Brief
Your answer should consist of each line from the data below that contains "drapes".

• • • • • • •

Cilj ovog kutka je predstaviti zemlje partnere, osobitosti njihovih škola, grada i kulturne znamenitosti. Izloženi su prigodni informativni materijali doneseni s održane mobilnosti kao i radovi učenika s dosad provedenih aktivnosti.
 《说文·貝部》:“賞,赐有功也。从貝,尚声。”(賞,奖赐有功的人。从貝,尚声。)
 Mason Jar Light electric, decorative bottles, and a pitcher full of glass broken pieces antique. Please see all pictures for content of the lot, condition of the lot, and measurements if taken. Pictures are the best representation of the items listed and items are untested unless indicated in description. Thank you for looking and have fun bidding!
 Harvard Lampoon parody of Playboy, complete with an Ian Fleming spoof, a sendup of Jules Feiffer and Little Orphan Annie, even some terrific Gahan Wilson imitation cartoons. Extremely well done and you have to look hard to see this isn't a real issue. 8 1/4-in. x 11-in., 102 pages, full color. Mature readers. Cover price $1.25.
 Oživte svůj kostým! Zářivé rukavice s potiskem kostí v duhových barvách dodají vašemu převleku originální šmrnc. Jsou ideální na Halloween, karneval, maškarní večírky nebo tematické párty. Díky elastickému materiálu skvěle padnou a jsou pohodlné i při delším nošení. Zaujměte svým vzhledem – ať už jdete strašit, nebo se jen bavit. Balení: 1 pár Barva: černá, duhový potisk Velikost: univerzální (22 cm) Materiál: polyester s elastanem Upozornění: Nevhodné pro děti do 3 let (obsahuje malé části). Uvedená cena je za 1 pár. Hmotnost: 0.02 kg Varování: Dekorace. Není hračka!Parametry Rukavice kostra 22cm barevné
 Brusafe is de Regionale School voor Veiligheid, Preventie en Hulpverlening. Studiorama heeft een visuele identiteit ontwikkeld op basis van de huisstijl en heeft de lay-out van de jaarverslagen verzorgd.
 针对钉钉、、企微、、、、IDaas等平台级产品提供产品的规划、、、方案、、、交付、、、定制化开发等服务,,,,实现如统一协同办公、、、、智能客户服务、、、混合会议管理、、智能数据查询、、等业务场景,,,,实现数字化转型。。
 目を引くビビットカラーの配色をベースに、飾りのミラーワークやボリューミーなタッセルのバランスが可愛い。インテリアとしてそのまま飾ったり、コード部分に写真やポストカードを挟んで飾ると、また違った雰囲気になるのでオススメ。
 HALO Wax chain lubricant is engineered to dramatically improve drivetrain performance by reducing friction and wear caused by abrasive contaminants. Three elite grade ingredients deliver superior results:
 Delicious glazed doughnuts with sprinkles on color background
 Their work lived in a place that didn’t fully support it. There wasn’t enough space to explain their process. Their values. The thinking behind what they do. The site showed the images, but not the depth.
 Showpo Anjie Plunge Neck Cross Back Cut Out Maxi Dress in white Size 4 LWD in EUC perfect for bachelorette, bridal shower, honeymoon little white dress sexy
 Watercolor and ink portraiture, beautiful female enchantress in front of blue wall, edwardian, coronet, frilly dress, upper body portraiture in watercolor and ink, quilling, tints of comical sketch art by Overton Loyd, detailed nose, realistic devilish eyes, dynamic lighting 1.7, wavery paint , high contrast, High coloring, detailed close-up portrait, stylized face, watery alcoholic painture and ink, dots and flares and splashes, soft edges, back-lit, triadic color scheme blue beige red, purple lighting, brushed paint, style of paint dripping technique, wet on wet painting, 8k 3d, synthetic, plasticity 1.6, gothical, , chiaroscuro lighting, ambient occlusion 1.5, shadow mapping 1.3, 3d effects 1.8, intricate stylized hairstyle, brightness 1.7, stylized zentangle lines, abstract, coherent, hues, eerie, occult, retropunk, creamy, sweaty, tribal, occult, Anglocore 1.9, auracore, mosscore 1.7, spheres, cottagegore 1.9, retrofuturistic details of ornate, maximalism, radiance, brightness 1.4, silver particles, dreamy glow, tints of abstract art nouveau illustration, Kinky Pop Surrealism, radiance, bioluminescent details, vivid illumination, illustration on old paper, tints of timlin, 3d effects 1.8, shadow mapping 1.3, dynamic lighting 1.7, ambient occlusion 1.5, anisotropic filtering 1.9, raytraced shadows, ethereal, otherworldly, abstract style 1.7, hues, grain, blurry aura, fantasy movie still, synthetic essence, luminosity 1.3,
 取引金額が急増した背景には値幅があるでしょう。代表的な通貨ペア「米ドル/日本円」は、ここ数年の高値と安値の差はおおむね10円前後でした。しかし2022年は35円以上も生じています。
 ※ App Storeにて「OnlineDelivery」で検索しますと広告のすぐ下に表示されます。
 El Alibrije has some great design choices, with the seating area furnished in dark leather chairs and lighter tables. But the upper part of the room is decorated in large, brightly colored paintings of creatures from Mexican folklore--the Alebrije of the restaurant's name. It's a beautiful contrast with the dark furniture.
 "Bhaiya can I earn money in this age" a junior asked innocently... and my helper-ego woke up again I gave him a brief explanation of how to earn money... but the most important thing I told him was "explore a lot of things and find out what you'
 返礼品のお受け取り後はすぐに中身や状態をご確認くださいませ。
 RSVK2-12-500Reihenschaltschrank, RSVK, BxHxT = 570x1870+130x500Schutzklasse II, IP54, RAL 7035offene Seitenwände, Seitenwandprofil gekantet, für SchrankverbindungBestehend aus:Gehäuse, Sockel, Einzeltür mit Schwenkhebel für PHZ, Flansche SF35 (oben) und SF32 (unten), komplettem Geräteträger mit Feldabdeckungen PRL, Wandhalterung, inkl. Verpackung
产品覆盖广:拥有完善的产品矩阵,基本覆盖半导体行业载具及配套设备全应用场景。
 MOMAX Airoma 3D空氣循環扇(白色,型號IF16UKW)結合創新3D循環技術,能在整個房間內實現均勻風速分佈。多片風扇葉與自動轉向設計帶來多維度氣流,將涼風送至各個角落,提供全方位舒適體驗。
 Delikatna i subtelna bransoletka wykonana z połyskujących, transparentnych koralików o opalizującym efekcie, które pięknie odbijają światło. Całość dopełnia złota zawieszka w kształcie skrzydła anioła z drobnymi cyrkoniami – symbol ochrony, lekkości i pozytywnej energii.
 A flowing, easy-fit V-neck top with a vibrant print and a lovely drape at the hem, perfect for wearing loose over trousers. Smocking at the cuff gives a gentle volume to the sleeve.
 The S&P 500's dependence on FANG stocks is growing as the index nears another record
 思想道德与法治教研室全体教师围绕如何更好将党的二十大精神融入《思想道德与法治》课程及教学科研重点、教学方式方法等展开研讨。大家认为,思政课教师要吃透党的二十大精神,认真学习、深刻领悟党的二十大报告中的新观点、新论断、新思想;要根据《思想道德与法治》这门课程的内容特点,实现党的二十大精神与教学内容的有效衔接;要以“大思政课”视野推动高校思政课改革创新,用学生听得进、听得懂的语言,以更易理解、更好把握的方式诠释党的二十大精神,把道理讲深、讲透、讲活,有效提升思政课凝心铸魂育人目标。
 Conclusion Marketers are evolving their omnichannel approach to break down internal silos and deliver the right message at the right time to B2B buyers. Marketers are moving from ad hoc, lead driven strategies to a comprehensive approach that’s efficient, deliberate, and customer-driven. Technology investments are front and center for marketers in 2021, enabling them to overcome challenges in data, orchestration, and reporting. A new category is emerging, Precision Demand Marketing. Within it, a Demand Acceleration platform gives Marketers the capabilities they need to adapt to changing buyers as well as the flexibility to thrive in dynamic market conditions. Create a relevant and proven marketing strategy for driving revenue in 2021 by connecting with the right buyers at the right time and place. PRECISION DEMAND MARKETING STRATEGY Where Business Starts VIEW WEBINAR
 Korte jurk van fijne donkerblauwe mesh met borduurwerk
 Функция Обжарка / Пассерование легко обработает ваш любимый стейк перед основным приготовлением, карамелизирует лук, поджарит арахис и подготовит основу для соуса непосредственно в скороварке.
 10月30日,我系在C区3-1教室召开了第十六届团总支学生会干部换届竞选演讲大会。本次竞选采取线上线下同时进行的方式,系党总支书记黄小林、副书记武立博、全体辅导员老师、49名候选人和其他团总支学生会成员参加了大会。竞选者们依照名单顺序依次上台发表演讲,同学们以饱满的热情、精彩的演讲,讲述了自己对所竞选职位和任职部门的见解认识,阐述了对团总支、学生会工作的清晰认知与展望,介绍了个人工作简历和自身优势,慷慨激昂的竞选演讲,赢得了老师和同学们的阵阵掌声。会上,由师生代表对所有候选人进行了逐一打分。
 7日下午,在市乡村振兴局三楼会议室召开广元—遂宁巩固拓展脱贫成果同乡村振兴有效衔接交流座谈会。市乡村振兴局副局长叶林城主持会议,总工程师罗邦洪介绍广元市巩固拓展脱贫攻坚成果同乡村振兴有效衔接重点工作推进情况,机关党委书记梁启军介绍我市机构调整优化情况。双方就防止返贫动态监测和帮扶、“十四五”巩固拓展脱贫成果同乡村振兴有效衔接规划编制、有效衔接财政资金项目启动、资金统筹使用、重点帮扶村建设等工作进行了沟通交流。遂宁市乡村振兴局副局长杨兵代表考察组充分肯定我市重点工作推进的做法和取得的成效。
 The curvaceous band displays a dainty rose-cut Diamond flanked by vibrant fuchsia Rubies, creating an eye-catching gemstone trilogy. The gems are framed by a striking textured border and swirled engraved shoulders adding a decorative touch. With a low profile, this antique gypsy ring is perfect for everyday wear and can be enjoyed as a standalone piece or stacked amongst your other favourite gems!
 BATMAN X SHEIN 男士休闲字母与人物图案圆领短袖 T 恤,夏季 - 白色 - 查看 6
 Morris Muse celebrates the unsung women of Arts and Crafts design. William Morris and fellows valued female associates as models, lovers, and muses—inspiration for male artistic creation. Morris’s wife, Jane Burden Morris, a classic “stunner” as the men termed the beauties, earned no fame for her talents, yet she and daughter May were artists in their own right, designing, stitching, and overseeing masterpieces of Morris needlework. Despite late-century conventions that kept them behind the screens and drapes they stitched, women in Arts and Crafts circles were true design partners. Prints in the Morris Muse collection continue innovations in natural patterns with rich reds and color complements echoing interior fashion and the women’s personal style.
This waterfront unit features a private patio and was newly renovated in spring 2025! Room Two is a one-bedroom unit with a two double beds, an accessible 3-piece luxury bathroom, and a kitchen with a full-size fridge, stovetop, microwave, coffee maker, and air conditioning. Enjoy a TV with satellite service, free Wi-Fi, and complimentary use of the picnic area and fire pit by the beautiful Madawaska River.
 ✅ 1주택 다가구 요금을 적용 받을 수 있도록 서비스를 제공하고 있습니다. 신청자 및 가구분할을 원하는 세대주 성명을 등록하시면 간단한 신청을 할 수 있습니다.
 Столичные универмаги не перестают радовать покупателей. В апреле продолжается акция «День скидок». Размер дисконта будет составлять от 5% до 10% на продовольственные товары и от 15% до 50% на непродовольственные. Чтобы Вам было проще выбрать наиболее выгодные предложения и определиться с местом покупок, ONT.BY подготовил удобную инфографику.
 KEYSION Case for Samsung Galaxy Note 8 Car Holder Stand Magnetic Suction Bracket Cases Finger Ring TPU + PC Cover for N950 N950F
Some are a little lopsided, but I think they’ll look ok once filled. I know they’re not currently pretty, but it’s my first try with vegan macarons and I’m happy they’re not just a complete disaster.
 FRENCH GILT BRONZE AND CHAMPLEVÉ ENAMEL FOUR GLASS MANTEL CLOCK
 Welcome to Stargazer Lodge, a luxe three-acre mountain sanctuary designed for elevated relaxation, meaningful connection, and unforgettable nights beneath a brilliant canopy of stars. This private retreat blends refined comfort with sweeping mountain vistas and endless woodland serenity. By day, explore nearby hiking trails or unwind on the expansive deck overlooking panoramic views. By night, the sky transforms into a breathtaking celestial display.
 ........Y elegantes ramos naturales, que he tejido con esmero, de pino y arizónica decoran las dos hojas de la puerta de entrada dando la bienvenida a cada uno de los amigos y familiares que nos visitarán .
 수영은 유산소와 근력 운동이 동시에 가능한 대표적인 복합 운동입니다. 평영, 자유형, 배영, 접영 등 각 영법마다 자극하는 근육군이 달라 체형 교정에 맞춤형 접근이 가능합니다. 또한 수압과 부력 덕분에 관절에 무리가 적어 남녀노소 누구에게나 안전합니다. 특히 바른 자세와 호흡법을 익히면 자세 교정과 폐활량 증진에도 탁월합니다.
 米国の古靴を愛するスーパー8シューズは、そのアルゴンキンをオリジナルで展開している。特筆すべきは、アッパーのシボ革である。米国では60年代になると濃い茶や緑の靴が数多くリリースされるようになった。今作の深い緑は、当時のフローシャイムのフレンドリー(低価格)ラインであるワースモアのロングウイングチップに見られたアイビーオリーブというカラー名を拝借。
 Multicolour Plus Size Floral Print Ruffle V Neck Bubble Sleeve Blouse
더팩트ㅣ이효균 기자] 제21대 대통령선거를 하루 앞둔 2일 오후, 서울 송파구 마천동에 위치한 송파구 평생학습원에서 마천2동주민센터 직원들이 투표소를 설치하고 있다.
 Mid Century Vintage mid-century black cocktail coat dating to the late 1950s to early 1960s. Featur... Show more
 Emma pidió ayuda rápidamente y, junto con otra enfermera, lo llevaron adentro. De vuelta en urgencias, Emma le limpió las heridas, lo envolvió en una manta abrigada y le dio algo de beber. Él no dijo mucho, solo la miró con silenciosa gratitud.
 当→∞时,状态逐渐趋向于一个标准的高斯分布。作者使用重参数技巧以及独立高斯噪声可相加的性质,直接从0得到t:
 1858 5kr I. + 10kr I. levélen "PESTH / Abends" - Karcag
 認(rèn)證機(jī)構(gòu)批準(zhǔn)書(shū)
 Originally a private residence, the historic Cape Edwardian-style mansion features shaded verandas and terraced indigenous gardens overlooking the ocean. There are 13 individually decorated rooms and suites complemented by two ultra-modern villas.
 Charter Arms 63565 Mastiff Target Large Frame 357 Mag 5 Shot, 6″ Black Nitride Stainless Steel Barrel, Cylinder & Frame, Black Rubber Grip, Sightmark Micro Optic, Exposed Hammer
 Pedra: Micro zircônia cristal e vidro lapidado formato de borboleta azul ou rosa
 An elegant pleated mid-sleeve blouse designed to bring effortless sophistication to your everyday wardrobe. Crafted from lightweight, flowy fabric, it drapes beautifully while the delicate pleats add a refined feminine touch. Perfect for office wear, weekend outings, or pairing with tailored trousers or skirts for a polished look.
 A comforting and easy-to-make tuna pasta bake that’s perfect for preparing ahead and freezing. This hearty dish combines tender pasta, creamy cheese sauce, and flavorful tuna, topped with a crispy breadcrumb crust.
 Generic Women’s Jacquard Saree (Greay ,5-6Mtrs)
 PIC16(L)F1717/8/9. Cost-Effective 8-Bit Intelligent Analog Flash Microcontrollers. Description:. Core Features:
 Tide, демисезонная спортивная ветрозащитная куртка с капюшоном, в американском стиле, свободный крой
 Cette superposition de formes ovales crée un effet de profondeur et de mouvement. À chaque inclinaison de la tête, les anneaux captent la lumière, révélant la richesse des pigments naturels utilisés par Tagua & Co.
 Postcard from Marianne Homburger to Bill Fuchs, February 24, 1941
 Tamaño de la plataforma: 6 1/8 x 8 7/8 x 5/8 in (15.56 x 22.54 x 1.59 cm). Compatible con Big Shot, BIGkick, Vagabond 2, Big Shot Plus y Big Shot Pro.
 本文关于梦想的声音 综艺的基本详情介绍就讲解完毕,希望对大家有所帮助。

• • • • • • •

Exercise output
 Morris Muse celebrates the unsung women of Arts and Crafts design. William Morris and fellows valued female associates as models, lovers, and muses—inspiration for male artistic creation. Morris’s wife, Jane Burden Morris, a classic “stunner” as the men termed the beauties, earned no fame for her talents, yet she and daughter May were artists in their own right, designing, stitching, and overseeing masterpieces of Morris needlework. Despite late-century conventions that kept them behind the screens and drapes they stitched, women in Arts and Crafts circles were true design partners. Prints in the Morris Muse collection continue innovations in natural patterns with rich reds and color complements echoing interior fashion and the women’s personal style.
 An elegant pleated mid-sleeve blouse designed to bring effortless sophistication to your everyday wardrobe. Crafted from lightweight, flowy fabric, it drapes beautifully while the delicate pleats add a refined feminine touch. Perfect for office wear, weekend outings, or pairing with tailored trousers or skirts for a polished look.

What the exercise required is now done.